Ultimately, a key reason to write these papers in the first place is to guide practitioners in the field, right? Otherwise science itself is just a big (redacted term that can get people shadow-banned for simply using it).

As one of those practitioners, I've found good review/survey papers to be incredibly valuable. They call my attention to the important publications and provide at least a basic timeline that helps me understand how the field has evolved from the beginning and what aspects people are focusing on now.

At the same time, I'll confess that I don't really see why most such papers couldn't be written by LLMs. Ideally by better LLMs than we have now, of course, but that could go without saying.

JumpCrisscross

a day ago

> you can generate these things in a couple of iterations with AI

The problem is you can’t. Not without careful review of the output. (Certainly not if you’re writing about anything remotely novel and thus useful.)

But not everyone knows that, which turns private ignorance into a public review problem.

physarum_salad

a day ago

Are review papers centred on novel research? I get what you mean ofc but most are really mundane overviews. In good review papers the authors offer novel interpretations/directions but even then it involves a lot of grunt work too.

awestroke

a day ago

A good review paper is infinitely better than an llm managing to find a few papers and making a summary. A knowledgeable researcher knows which papers are outdated and can make a trustworthy review paper, an LLM can't easily do that yet

physarum_salad

a day ago

Ok I take your point. However, it is possible to generate a middling review paper combining ai generated slop and edits. Maybe we would be tricked by it in certain circumstances. I don't mean to imply these outputs are something I would value reading. I am just arguing in favour of the proposed approach of arXiv.

JumpCrisscross

a day ago

> it is possible to generate a middling review paper combining ai generated slop and edits

If you’re an expert. If you’re not, you’ll publish, best case, bullshit. (Worst case lies.)

bulubulu

a day ago

Review papers are summarizations to recent updates in the field that deserve fellow researchers' attention. Such works should be done annually or at most quarterly in my opinion, to include only time-tested results. If hundreds of review papers are published every month, I am afraid that their quality in terms of paper selection and innovative interpretation/direction will not be much higher than the content generated by LLM, even if written word-to-word by a real scientist.
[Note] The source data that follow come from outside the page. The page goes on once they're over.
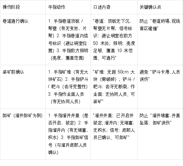 3.風(fēng)險適配:針對不同礦山(如金屬礦、非金屬礦)的特殊風(fēng)險(如金屬礦的高硫自燃、非金屬礦的粉塵爆炸),需補充專項手指口述內(nèi)容(如自燃點監(jiān)測、粉塵濃度實時確認)。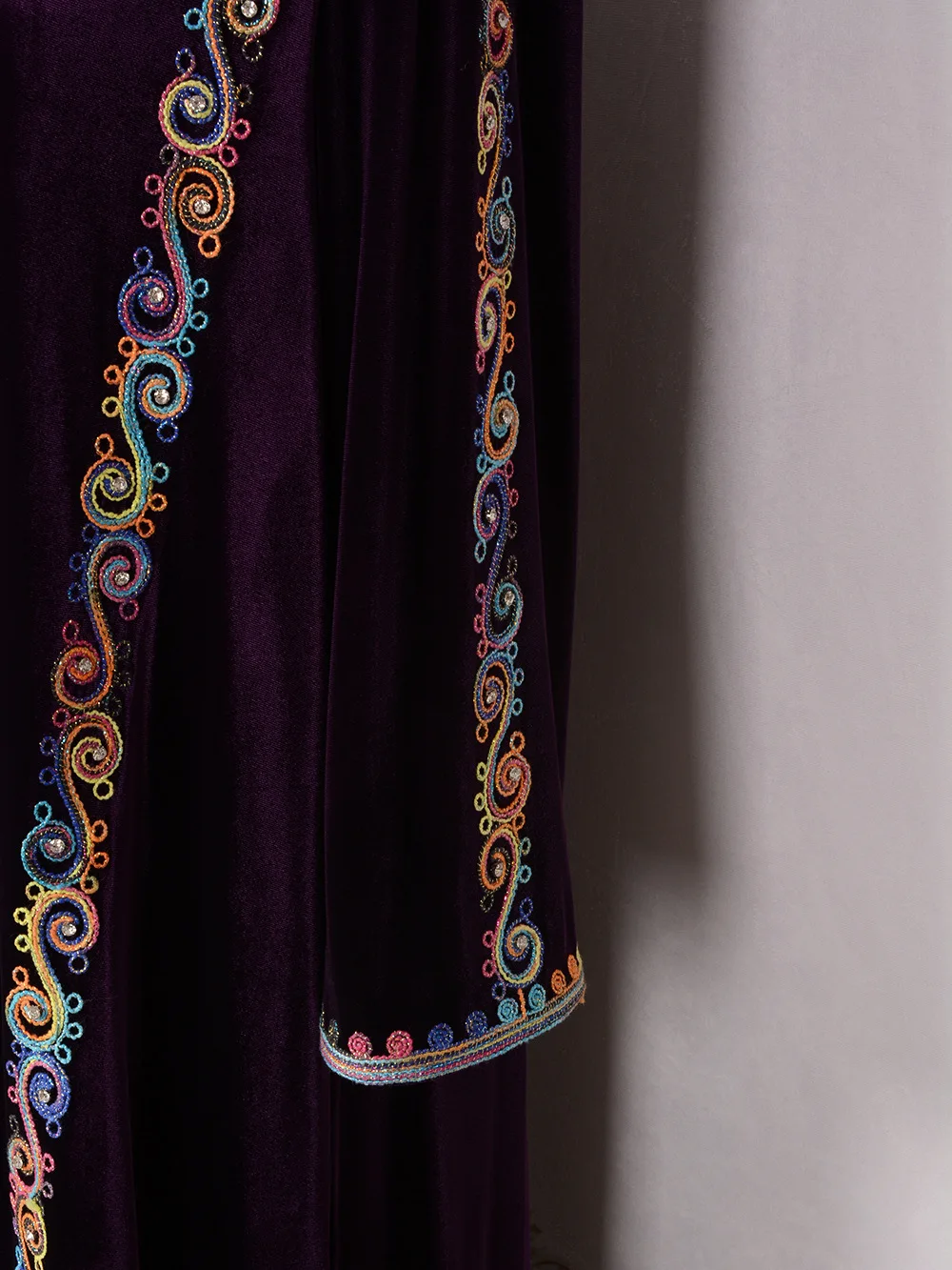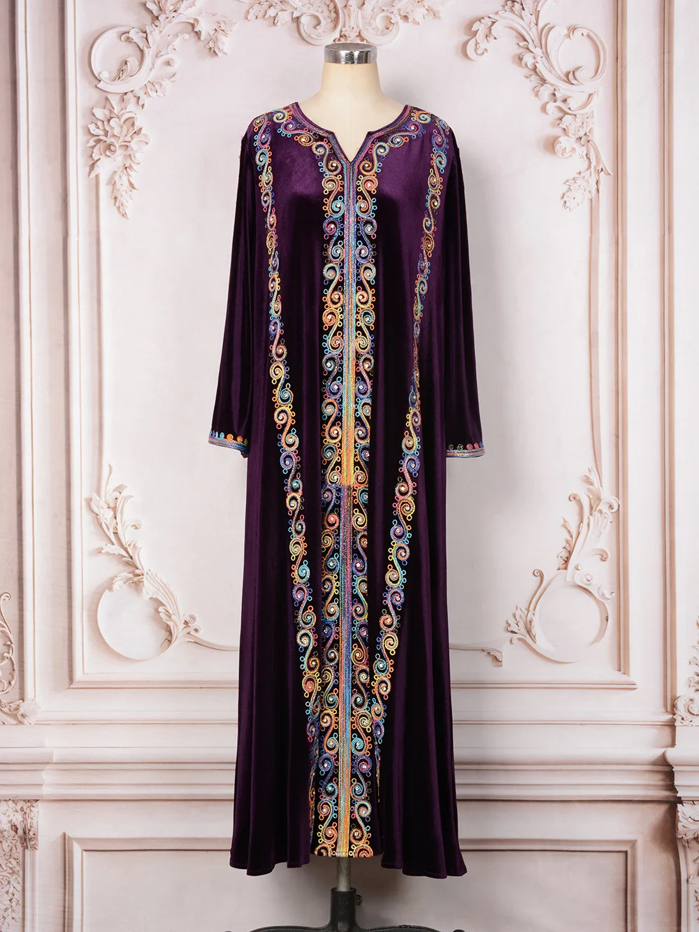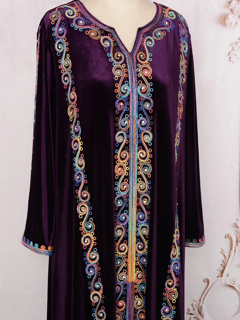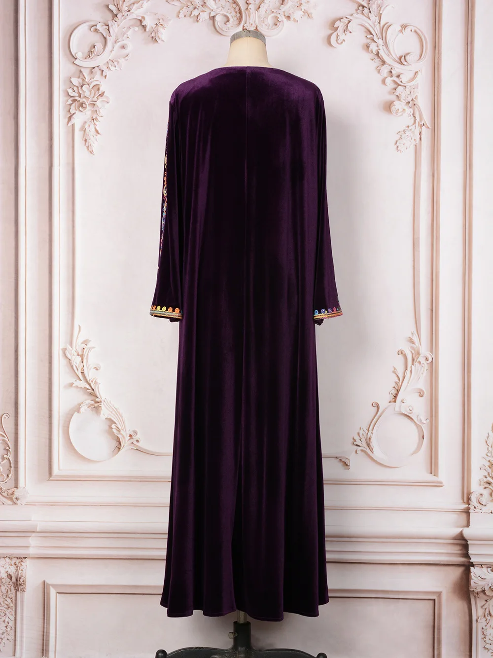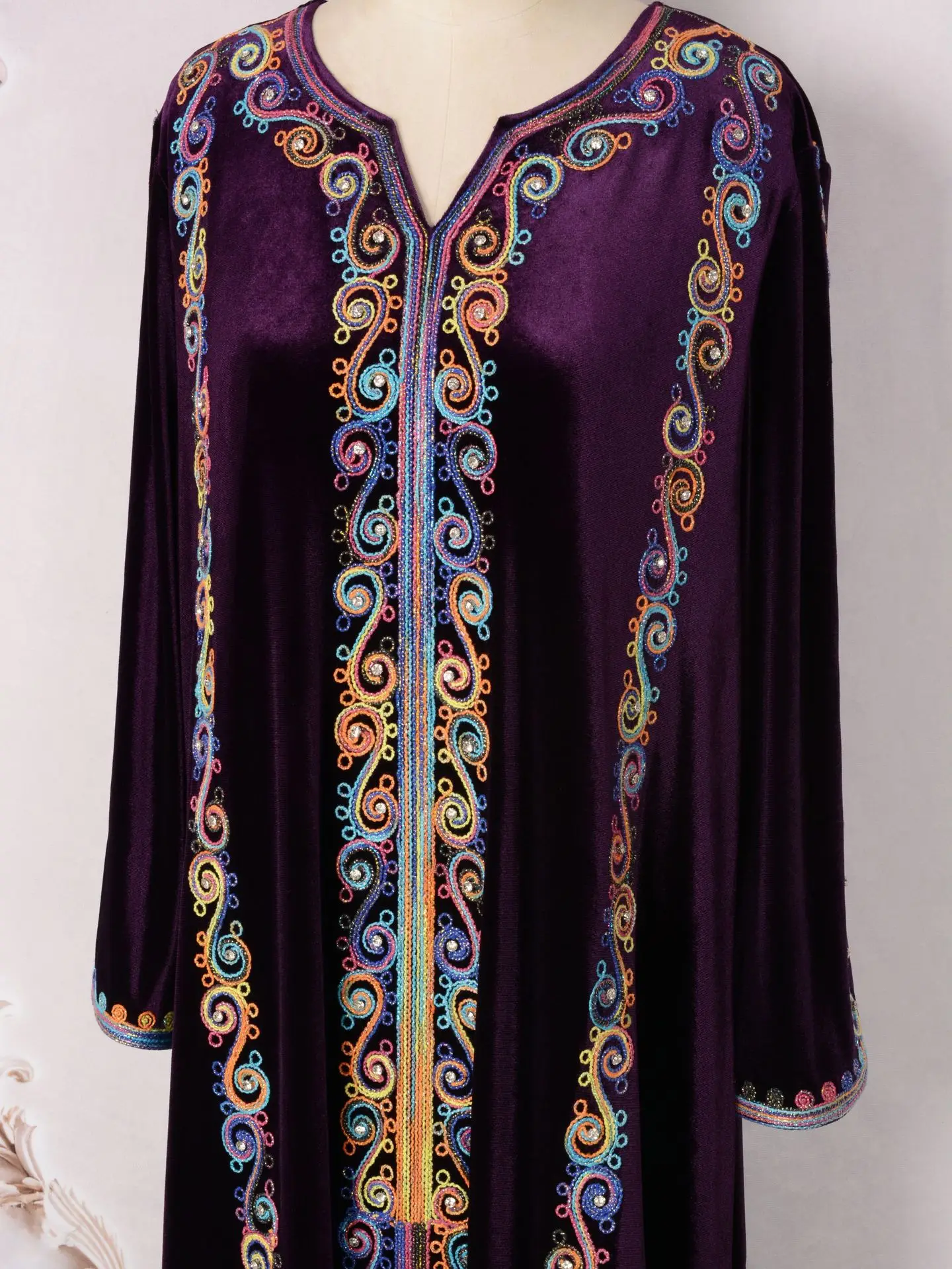 MT507 يوني موضة الصلبة فستان مسلم المرأة التطريز عادية المخملية عباية المغرب التركية رداء فام كم طويل ماكسي فيستيدوس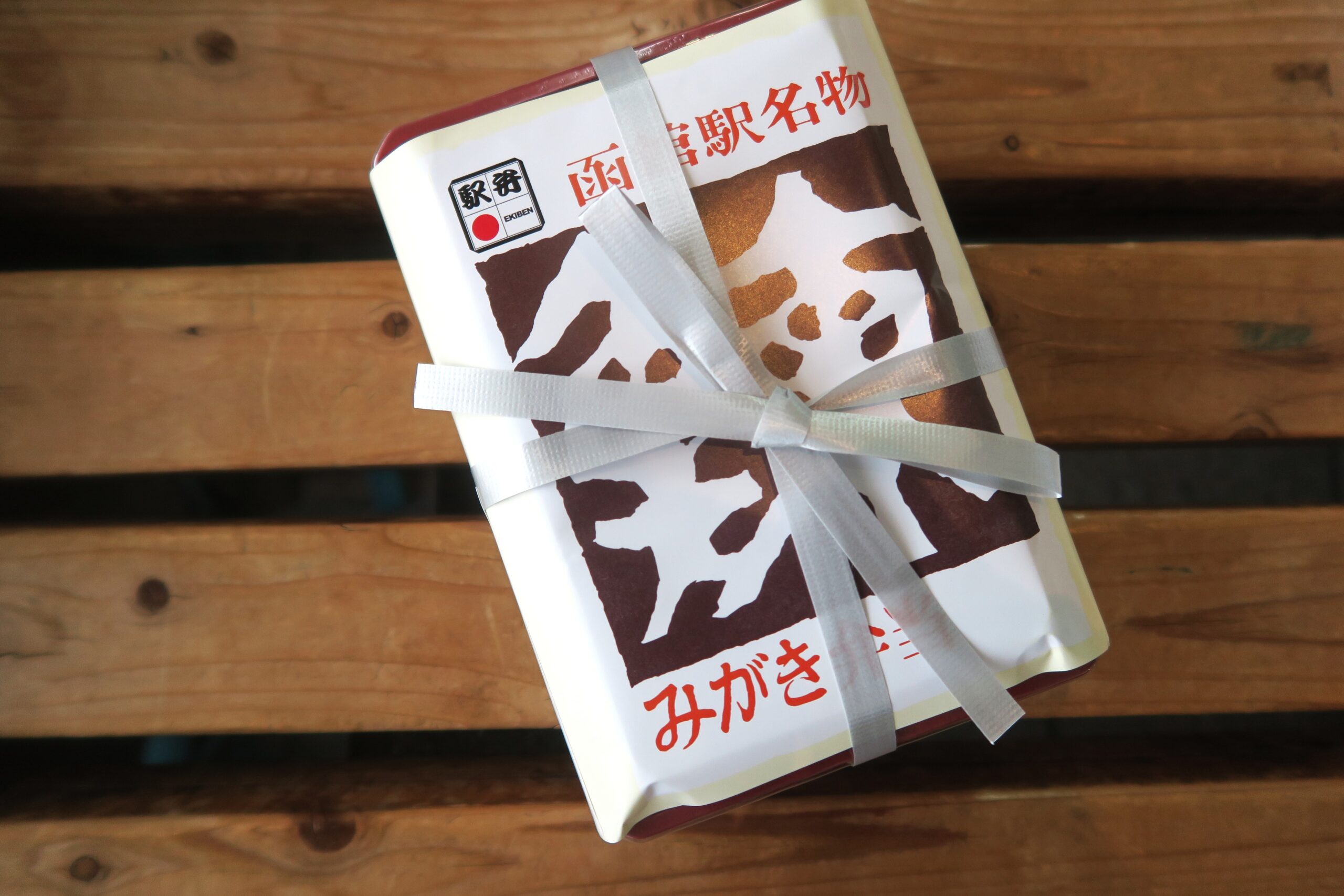 函館駅から洞爺駅へと続く函館本線と室蘭本線は、内浦湾を望み、火山の裾野を走る。雄大な自然が車窓に展開する絶景路線であり、かつ北海道を代表する名駅弁が並ぶ黄金街道でもあります。内浦湾は、周囲を火山に囲まれているため別名、噴火湾と呼ばれ、天然の良港に恵まれた海産物の宝庫で、駅弁も沿線の海産物から生まれたものが多くあります。函館駅の名物駅弁「鰊みがき弁当」は、登場して半世紀以上が経つ長寿にして人気の駅弁です。じっくり煮込んだ鰊の甘露煮2切れと味付けかずのこが3切れ、他に茎わかめの醤油漬けと味噌漬け大根が入っています。

LLMs are good at plainly summarizing from the public knowledge base. Scientists should invest their time in contributing new knowledge to public base instead of doing the summarization.

naveen99

a day ago

Isn’t github the normal way of publishing now for cs ?

macleginn

a day ago

Does Google Scholar index it?

cubefox

a day ago

The PDFs (yes, they still use PDF) keep being uploaded to arXiv.

naveen99

a day ago

ArXiv is just extra steps for a worse experience. Github is perfectly fine for pdf’s also.

exasperaited

a day ago

The Tragedy of the Commons, updated for LLMs. Part #975 in a continuing series.

These things will ruin everything good, and that is before we even start talking about audio or video.

kibwen

a day ago

Part #975, but that's only because we overflowed the 64-bit counter. Again.

hoistbypetard

a day ago

Spammers ruin everything. This gives the spammers a force multiplier.

exasperaited

a day ago

> This gives the spammers a force multiplier.

It is also turning people into spammers because it makes bluffers feel like experts.

ChatGPT is so revealing about a person's character.

jruohonen

11 hours ago

A very weird move. They are now taking a stance on what science is supposed to be.

As someone commented, due to the increasing volume, we would actually need and benefit from more reviews -- with a fixed cycle preferably, and I do not mean LLM slop but SLRs. And in contrary to someone's post, it is actually nice to read things from the industry, and I would actually want that more.

And not only are they taking a stance on science but they have also this allegation:

"Please note: the review conducted at conference workshops generally does not meet the same standard of rigor of traditional peer review and is not enough to have your review article or position paper accepted to arXiv."

In fact -- and supposedly related to the peer review crisis, the situation is exactly the opposite. That is, reviews are usually today of much higher quality at specialized workshops organized by experts in a particular, often niche area.

Maybe arXiv people should visit PubPeer once in a while to see what kind of fraud is going on with conferences (i.e., not workshops and usually not review papers) and their proceedings published by all notable CS publishers? The same goes for journals.

an0malous

a day ago

Why not just reject papers authored by LLMs and ban accounts that are caught? arXiv’s management has become really questionable lately, it’s like they’re trying to become a prestigious journal and are becoming the problem they were trying to solve in the first place

tarruda

a day ago

> Why not just reject papers authored by LLMs and ban accounts that are caught?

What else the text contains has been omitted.